▸ WHAT TO WORK ON
Beginning at the line with "14時30分、予定どおり東京" in the records below, return each line up to and including the last, exactly as it stands, but not the pictures.

▸ Collected data entries

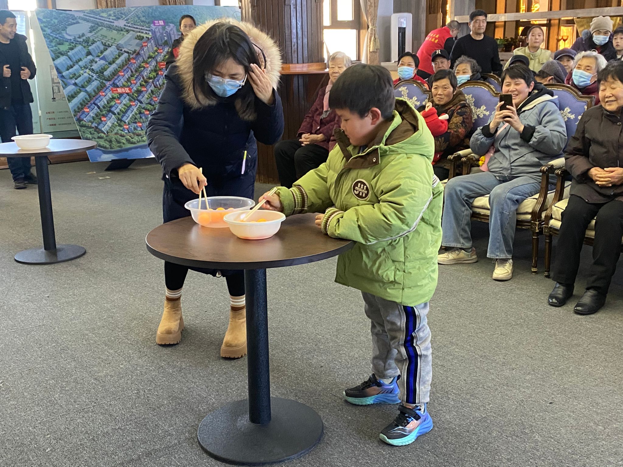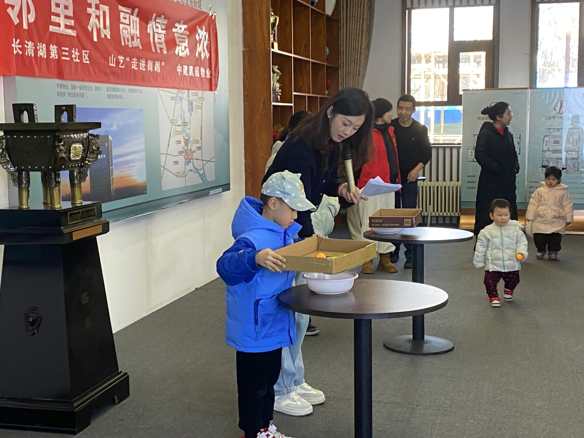 随后,志愿者们和社区联合精心准备了“猜灯谜”、“夹元宵”、“滚元宵”等趣味小游戏,居民们踊跃参与,现场欢声笑语不断。猜灯谜环节,志愿者们将传统文化知识与趣味谜语相结合,寓教于乐,让居民们在游戏中感受传统文化的魅力;夹元宵和滚元宵游戏则考验了大家的动手能力,居民们玩得不亦乐乎,现场气氛热烈。
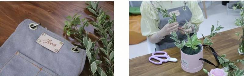 花艺师精心的将花材分配好,用花瓶装着,是工具也是背景。每个人会有一套完整的工具,包括:围裙, 花盒,花材,剪刀...
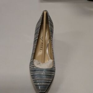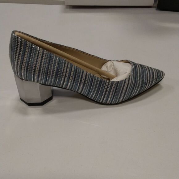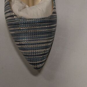 Chic heels with blue and white stripes. Perfect for stylish outings.
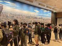 14時30分、予定どおり東京スカイツリーに到着しました。バスから降りると、子供たち一人一人にチケットが渡されました。スカイツリーのキャラクター「ソラカラちゃん」が写っているチケットはレアだということで、子供たちは自分のチケットに写っていないか夢中になって探していました。
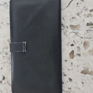 Zipper coin pocket, 2 bill compartments, card slots, 2 open pockets.
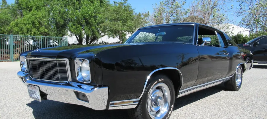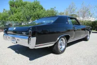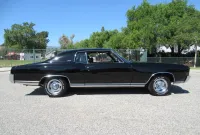 The understated Monte Carlo, even the name is cool! This Los Angeles built Sport Coupe is finished in Tuxedo Black with very nice chrome and stainless trim, dual chrome mirrors and a set of 15 inch Rally wheels wrapped in BF Goodrich raised white letter T/A radials. Under the hood sits a fresh stock 350 Crate engine with less than 2,000 miles on it including the factory 2 barrel carburetor, HEI ignition, upgraded Aluminum radiator with Aluminum overflow can, power steering, power disc brakes and dual exhaust. Power distribution goes through a turbo 350 3 speed automatic transmission followed by a 10 Bolt rear differential with a freeway friendly gear ratio. The interior consists of Black vinyl Strato Bucket headrest seats with center console, Horseshoe floor shifter, factory steering wheel, woodgrain dash accents and an upgraded Kenwood Bluetooth AM/FM CD Stereo with a tastefully trunk mounted JL Audio sub box and Alpine amp for listening to your classic tunes. This is a great driving American Classic that you don’t see on the road often these days.
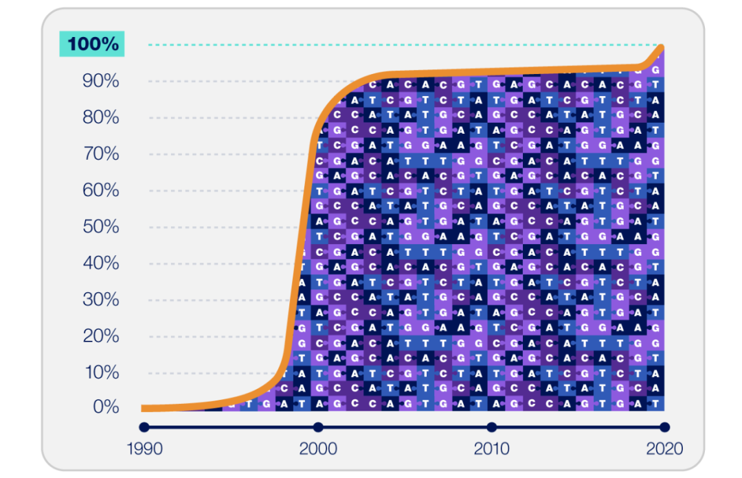 自1990年HGP启动,发布的人类基因组序列比例。| 图片来源:NHGRI
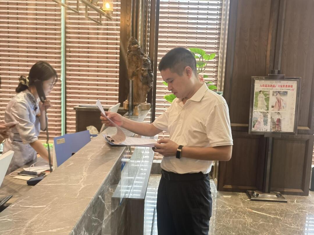 检查组先后前往中石化城南加油站、维也纳国际酒店等场所开展全面检查:在加油站,围绕消防安全细致核查灭火器配备及有效期、员工安全操作熟练度,全面排查储油设备安全状况,核验安全标识设置规范度及值班制度落实情况;在酒店,深入大堂、客房、厨房、消防控制室等关键区域,重点检查消防设备运行状态、值班人员持证上岗及应急处置能力,燃气管道安全、燃气报警器配备情况,油烟管道管理及食品卫生状况,以及疏散通道畅通度、安全标识规范设置情况。检查中同步要求各经营单位强化员工安全培训、杜绝违规操作,确保各项安全措施落实落细。
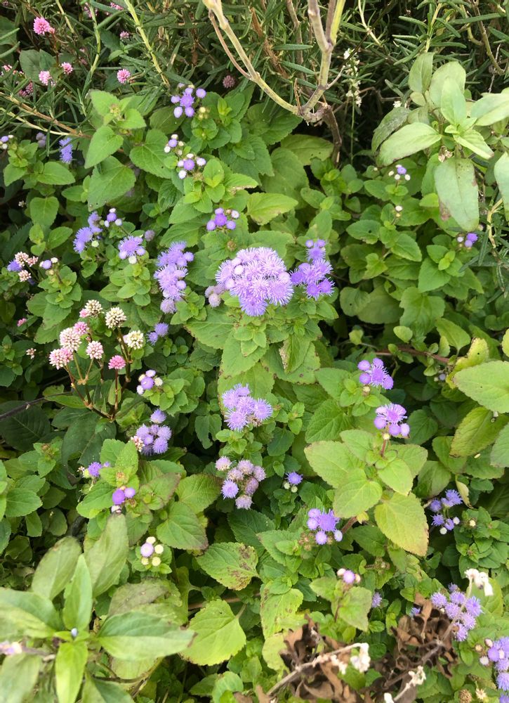 道路沿いの花壇にて、紫色の「アゲラタム」とブルーの「サルビア・アズレア」をパチリ!📸💜💙🌿😊😄🌞✌️

▸ ANSWER TO THE PROBLEM
 14時30分、予定どおり東京スカイツリーに到着しました。バスから降りると、子供たち一人一人にチケットが渡されました。スカイツリーのキャラクター「ソラカラちゃん」が写っているチケットはレアだということで、子供たちは自分のチケットに写っていないか夢中になって探していました。
 Zipper coin pocket, 2 bill compartments, card slots, 2 open pockets.
 The understated Monte Carlo, even the name is cool! This Los Angeles built Sport Coupe is finished in Tuxedo Black with very nice chrome and stainless trim, dual chrome mirrors and a set of 15 inch Rally wheels wrapped in BF Goodrich raised white letter T/A radials. Under the hood sits a fresh stock 350 Crate engine with less than 2,000 miles on it including the factory 2 barrel carburetor, HEI ignition, upgraded Aluminum radiator with Aluminum overflow can, power steering, power disc brakes and dual exhaust. Power distribution goes through a turbo 350 3 speed automatic transmission followed by a 10 Bolt rear differential with a freeway friendly gear ratio. The interior consists of Black vinyl Strato Bucket headrest seats with center console, Horseshoe floor shifter, factory steering wheel, woodgrain dash accents and an upgraded Kenwood Bluetooth AM/FM CD Stereo with a tastefully trunk mounted JL Audio sub box and Alpine amp for listening to your classic tunes. This is a great driving American Classic that you don’t see on the road often these days.
 自1990年HGP启动,发布的人类基因组序列比例。| 图片来源:NHGRI
 检查组先后前往中石化城南加油站、维也纳国际酒店等场所开展全面检查:在加油站,围绕消防安全细致核查灭火器配备及有效期、员工安全操作熟练度,全面排查储油设备安全状况,核验安全标识设置规范度及值班制度落实情况;在酒店,深入大堂、客房、厨房、消防控制室等关键区域,重点检查消防设备运行状态、值班人员持证上岗及应急处置能力,燃气管道安全、燃气报警器配备情况,油烟管道管理及食品卫生状况,以及疏散通道畅通度、安全标识规范设置情况。检查中同步要求各经营单位强化员工安全培训、杜绝违规操作,确保各项安全措施落实落细。
 道路沿いの花壇にて、紫色の「アゲラタム」とブルーの「サルビア・アズレア」をパチリ!📸💜💙🌿😊😄🌞✌️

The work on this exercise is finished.